Suppression of meiotic crossovers in pericentromeric heterochromatin requires synaptonemal complex and meiotic recombination factors in Drosophila melanogaster

The centromere effect (CE) is a meiotic phenomenon that ensures meiotic crossover suppression in pericentromeric regions. Despite being a critical safeguard against nondisjunction, the mechanisms behind the CE remain unknown. Previous studies found that different regions of the Drosophila pericentromere, encompassing proximal euchromatin, beta, and alpha heterochromatin, undergo varying levels of crossover suppression, raising the question of whether distinct mechanisms establish the CE in different regions. We asked whether different pericentromeric regions respond differently to mutations that impair features that may play a role in the CE. In flies with a mutation that affects the synaptonemal complex (SC), a structure that is hypothesized to have roles in recombination and crossover patterning, we observed a redistribution of pericentromeric crossovers from proximal euchromatin towards beta heterochromatin but not alpha heterochromatin, indicating a role for the SC in suppressing crossovers in beta heterochromatin. In flies mutant for mei-218 or rec, which encode components of a critical pro-crossover complex, there was a more extreme redistribution of pericentromeric crossovers towards both beta and alpha heterochromatin, suggesting an important role for these meiotic recombination factors in suppressing heterochromatic crossovers.
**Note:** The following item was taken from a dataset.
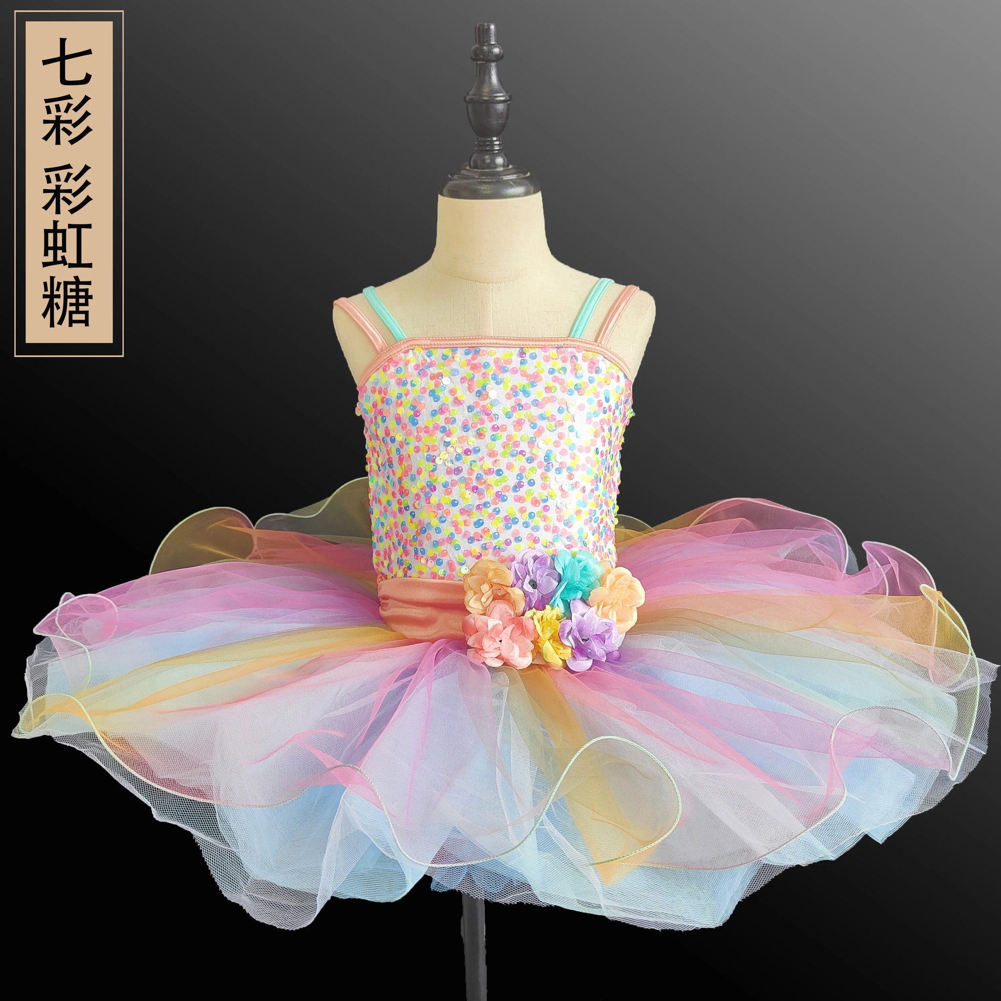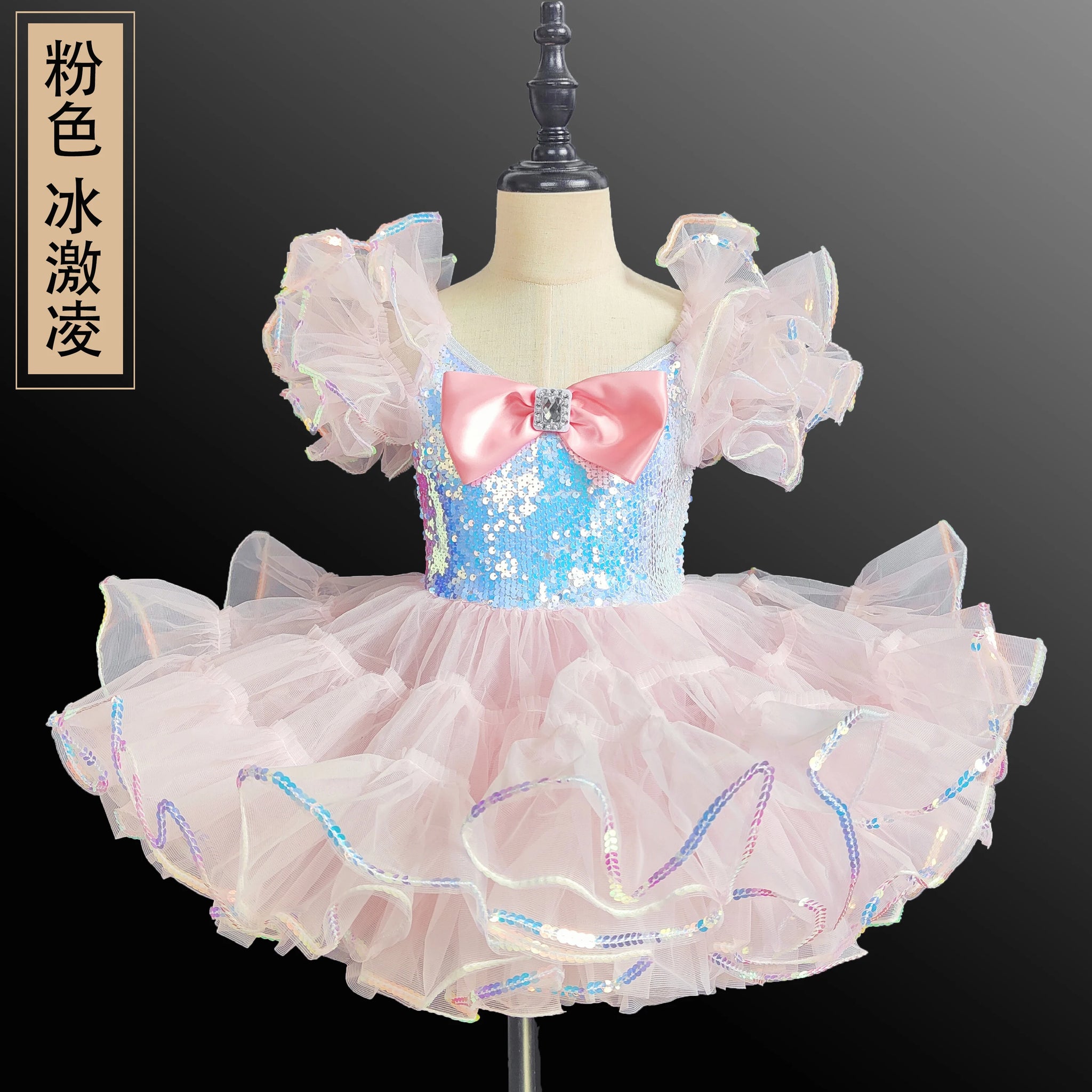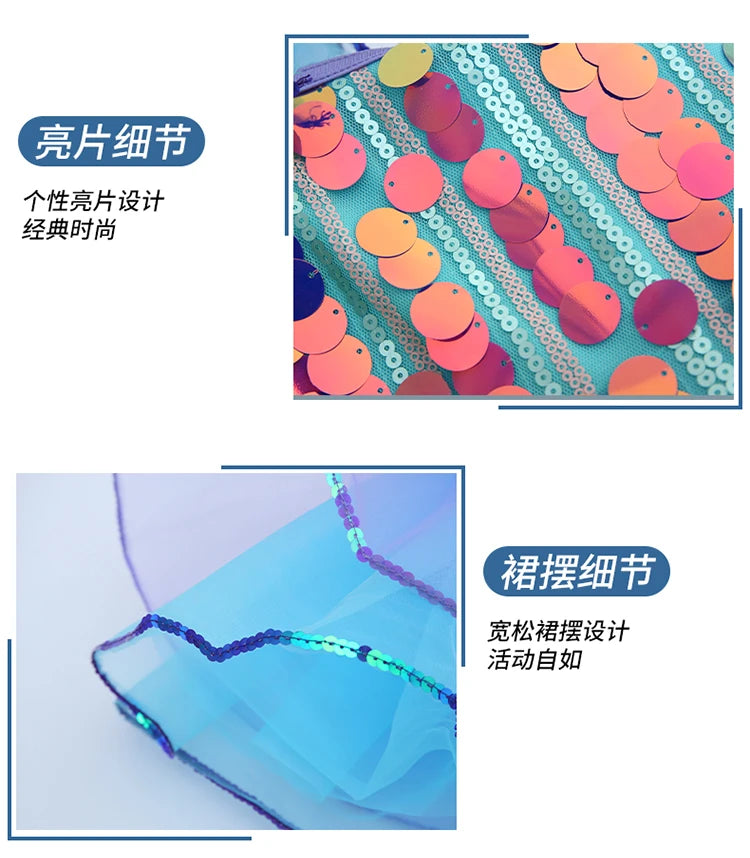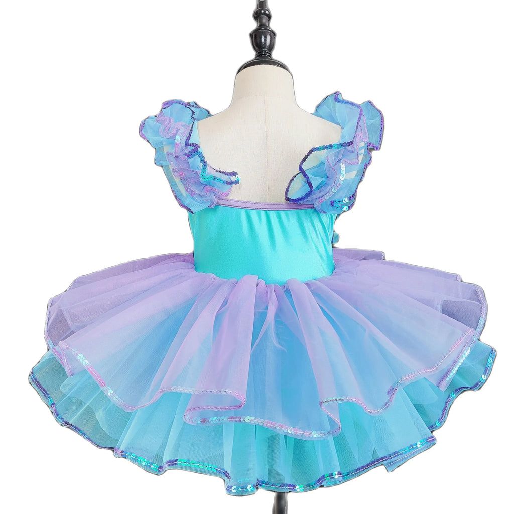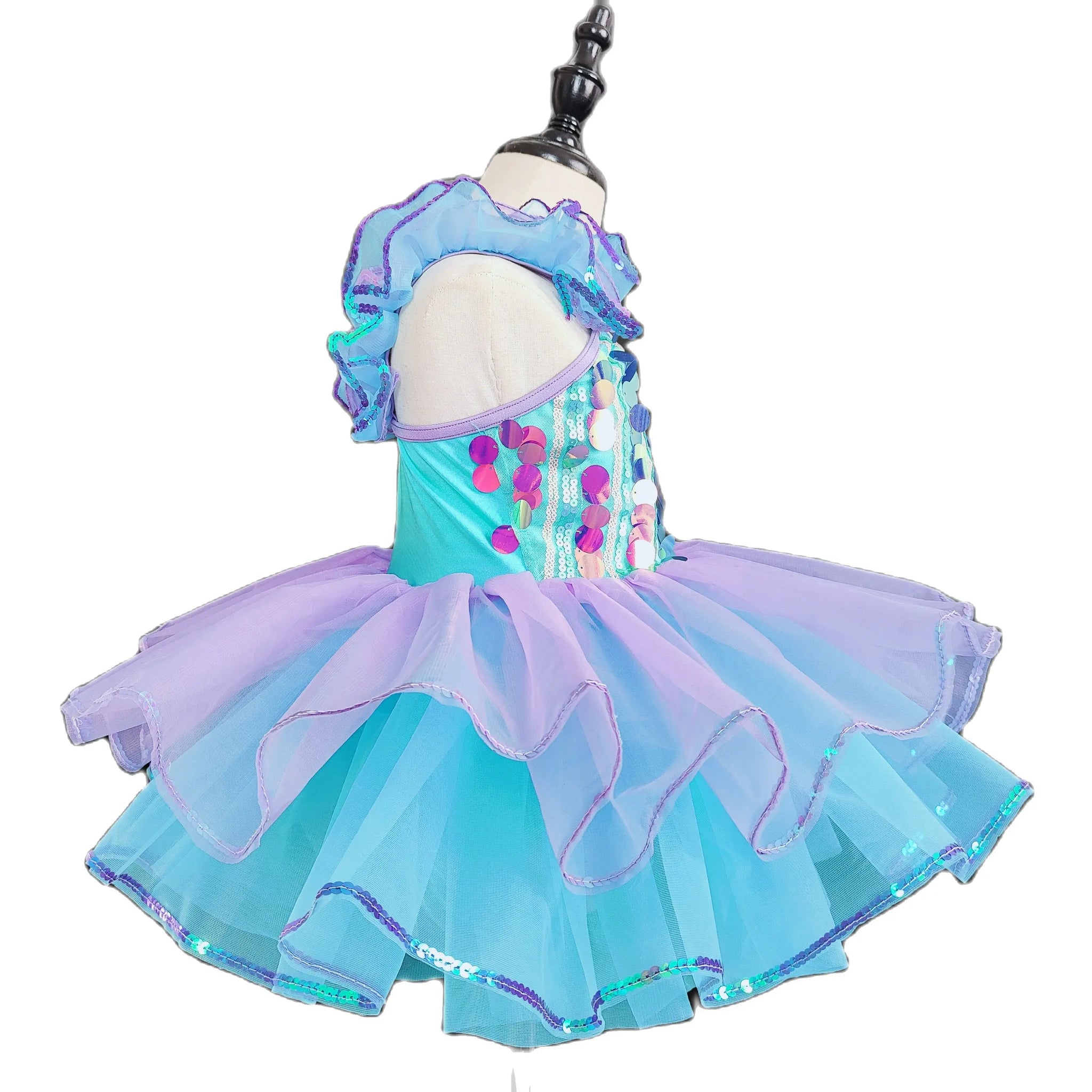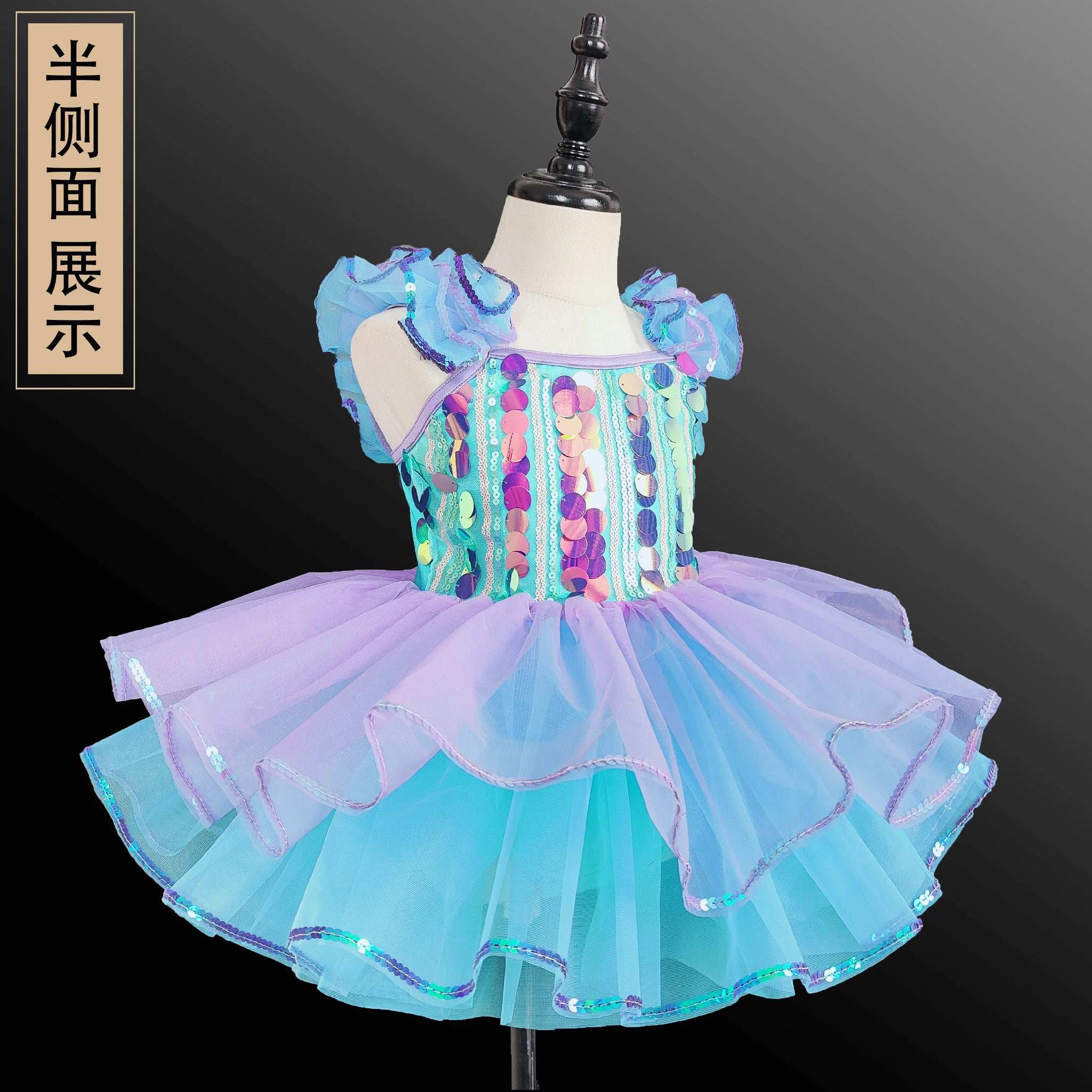 Blue Sequined Ballroom Dance Tutu Dress for Kids - Modern Jazz Party Wear

We mapped crossovers in flies mutant for Su(var)3-9, which encodes histone H3-lysine-9 methyltransferase. Although we expected strong alleviation of crossover suppression in heterochromatin, no changes in pericentromeric crossover distribution were observed in this mutant, indicating that this vital heterochromatin factor is dispensable for preventing crossovers in heterochromatin. Thus, in Drosophila. melanogaster the meiotic machinery seems to play a more significant role in suppressing centromere-proximal crossovers than chromatin state.